> Try it
Starting at the line that contains "DescriptionHead and torso" and stopping at the line that contains "Aluminum map for", restate each line of the records below exactly. Omit the pictures.

> Extracted data
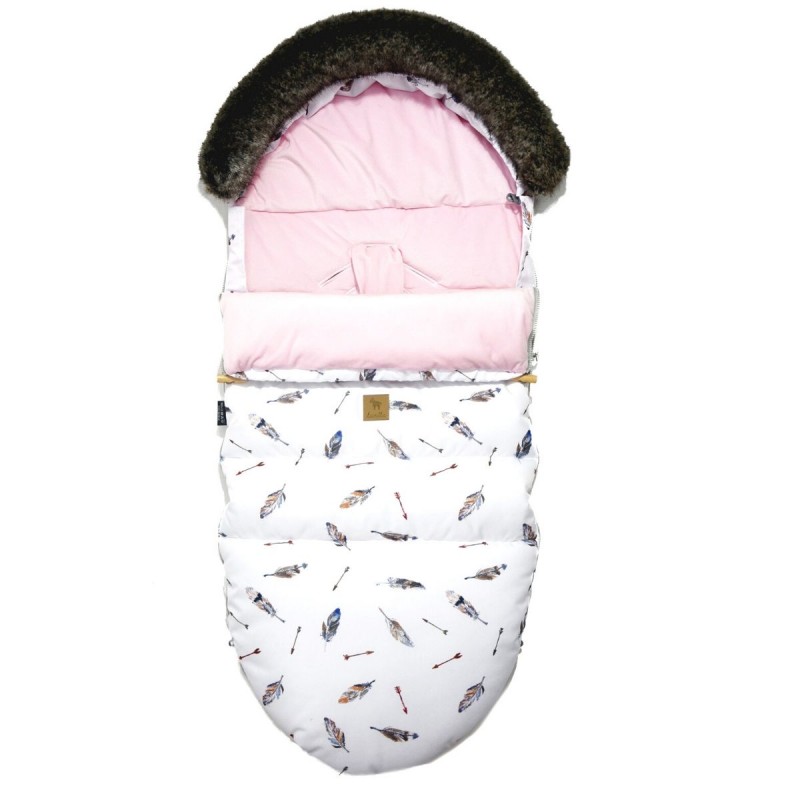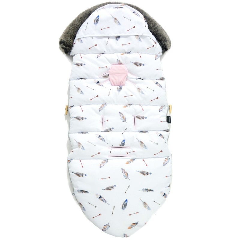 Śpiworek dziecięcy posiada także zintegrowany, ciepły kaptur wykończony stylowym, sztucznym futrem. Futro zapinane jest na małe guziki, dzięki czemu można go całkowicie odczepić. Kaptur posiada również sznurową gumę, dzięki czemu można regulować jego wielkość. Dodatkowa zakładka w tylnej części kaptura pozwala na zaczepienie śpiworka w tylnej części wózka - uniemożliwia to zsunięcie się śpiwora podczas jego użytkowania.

---

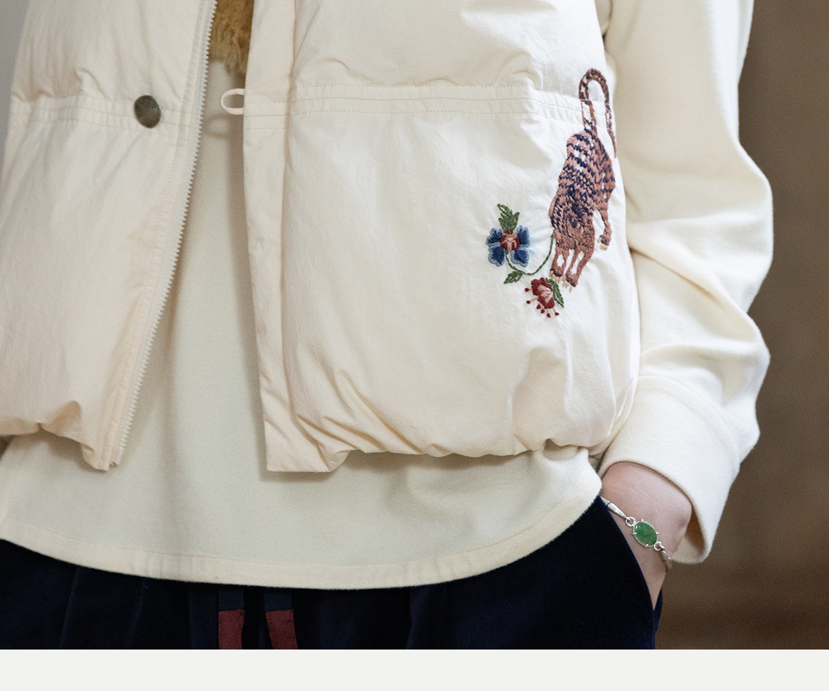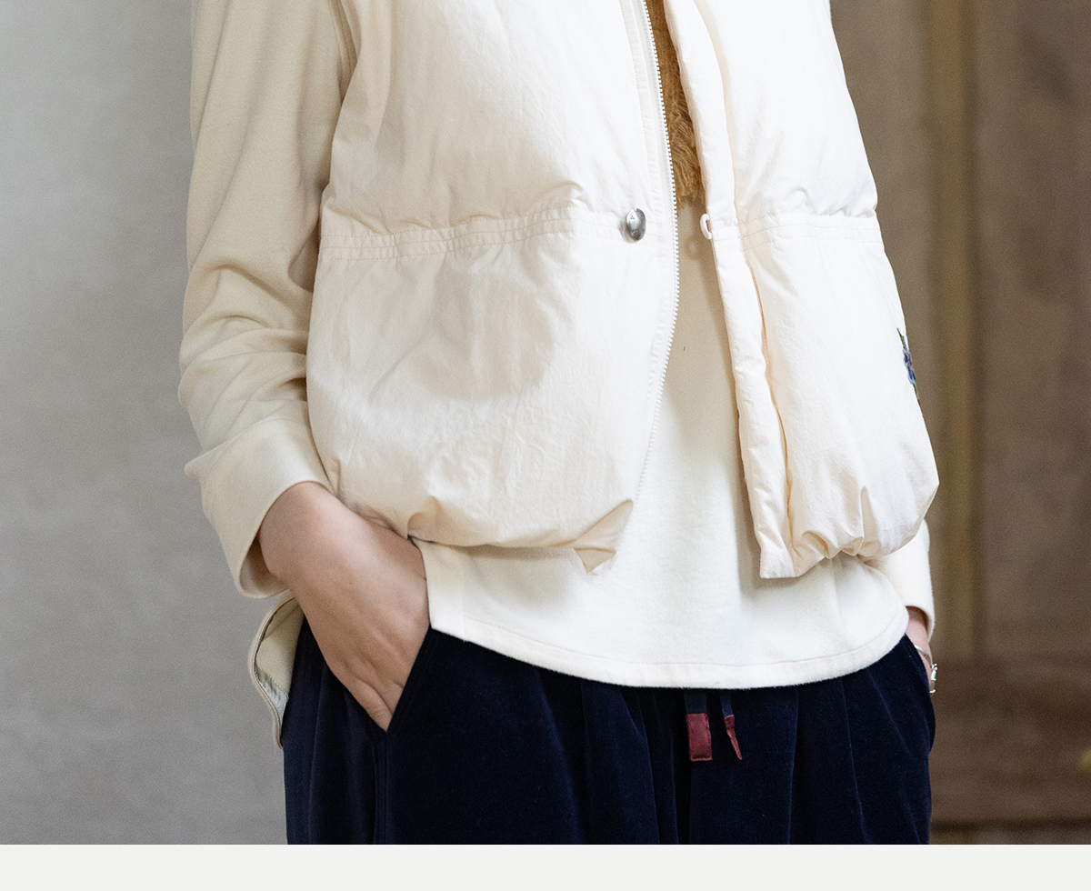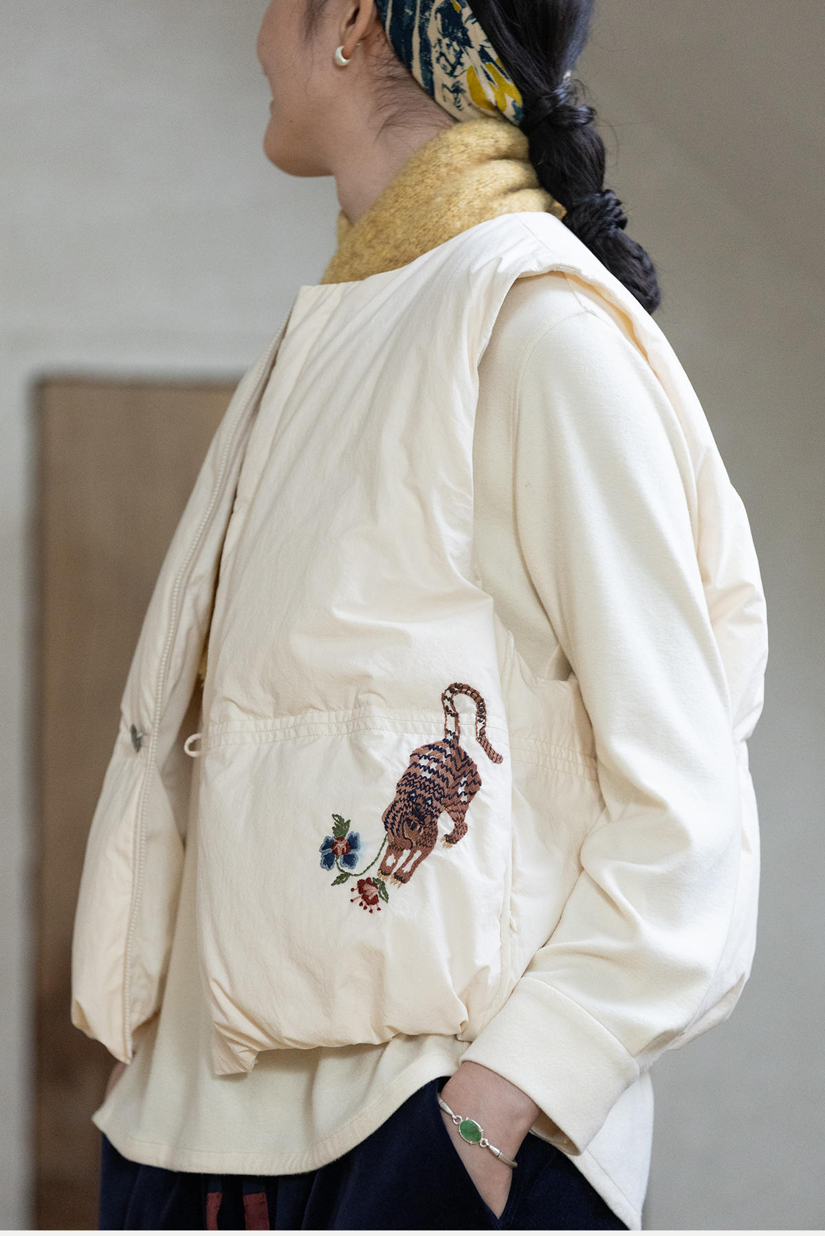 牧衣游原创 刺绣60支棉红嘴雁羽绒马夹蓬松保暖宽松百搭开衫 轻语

--

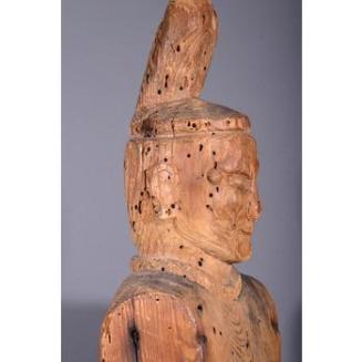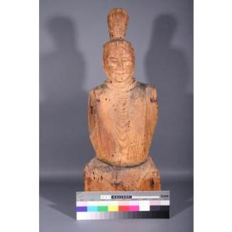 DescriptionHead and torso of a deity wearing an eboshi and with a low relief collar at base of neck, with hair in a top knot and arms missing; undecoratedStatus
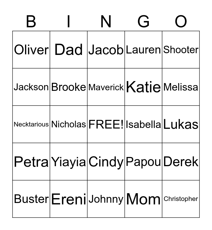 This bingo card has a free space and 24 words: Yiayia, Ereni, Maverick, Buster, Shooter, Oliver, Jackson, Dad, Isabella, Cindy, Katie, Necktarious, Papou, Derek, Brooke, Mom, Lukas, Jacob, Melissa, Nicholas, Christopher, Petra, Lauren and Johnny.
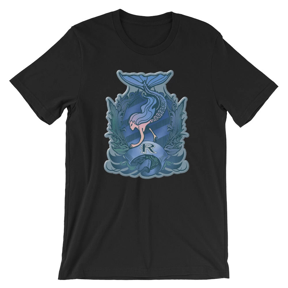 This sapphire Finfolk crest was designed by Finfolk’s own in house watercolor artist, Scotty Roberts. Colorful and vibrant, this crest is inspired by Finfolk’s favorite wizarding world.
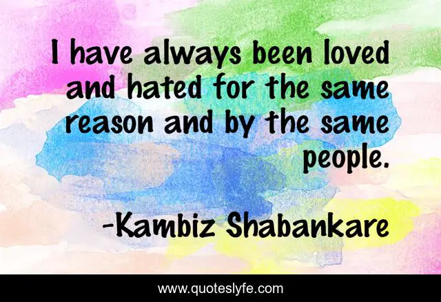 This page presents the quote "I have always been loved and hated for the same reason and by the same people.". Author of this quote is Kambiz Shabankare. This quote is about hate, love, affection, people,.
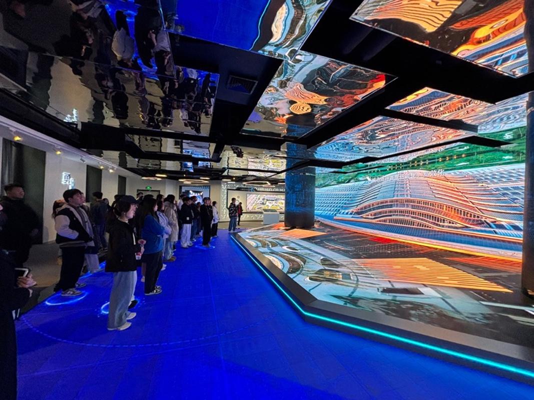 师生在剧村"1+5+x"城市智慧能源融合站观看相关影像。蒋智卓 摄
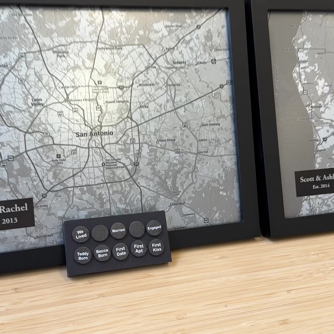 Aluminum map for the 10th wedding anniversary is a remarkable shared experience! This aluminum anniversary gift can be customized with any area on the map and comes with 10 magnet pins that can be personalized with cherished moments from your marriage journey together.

> Result of this task
 DescriptionHead and torso of a deity wearing an eboshi and with a low relief collar at base of neck, with hair in a top knot and arms missing; undecoratedStatus
 This bingo card has a free space and 24 words: Yiayia, Ereni, Maverick, Buster, Shooter, Oliver, Jackson, Dad, Isabella, Cindy, Katie, Necktarious, Papou, Derek, Brooke, Mom, Lukas, Jacob, Melissa, Nicholas, Christopher, Petra, Lauren and Johnny.
 This sapphire Finfolk crest was designed by Finfolk’s own in house watercolor artist, Scotty Roberts. Colorful and vibrant, this crest is inspired by Finfolk’s favorite wizarding world.
 This page presents the quote "I have always been loved and hated for the same reason and by the same people.". Author of this quote is Kambiz Shabankare. This quote is about hate, love, affection, people,.
 师生在剧村"1+5+x"城市智慧能源融合站观看相关影像。蒋智卓 摄
 Aluminum map for the 10th wedding anniversary is a remarkable shared experience! This aluminum anniversary gift can be customized with any area on the map and comes with 10 magnet pins that can be personalized with cherished moments from your marriage journey together.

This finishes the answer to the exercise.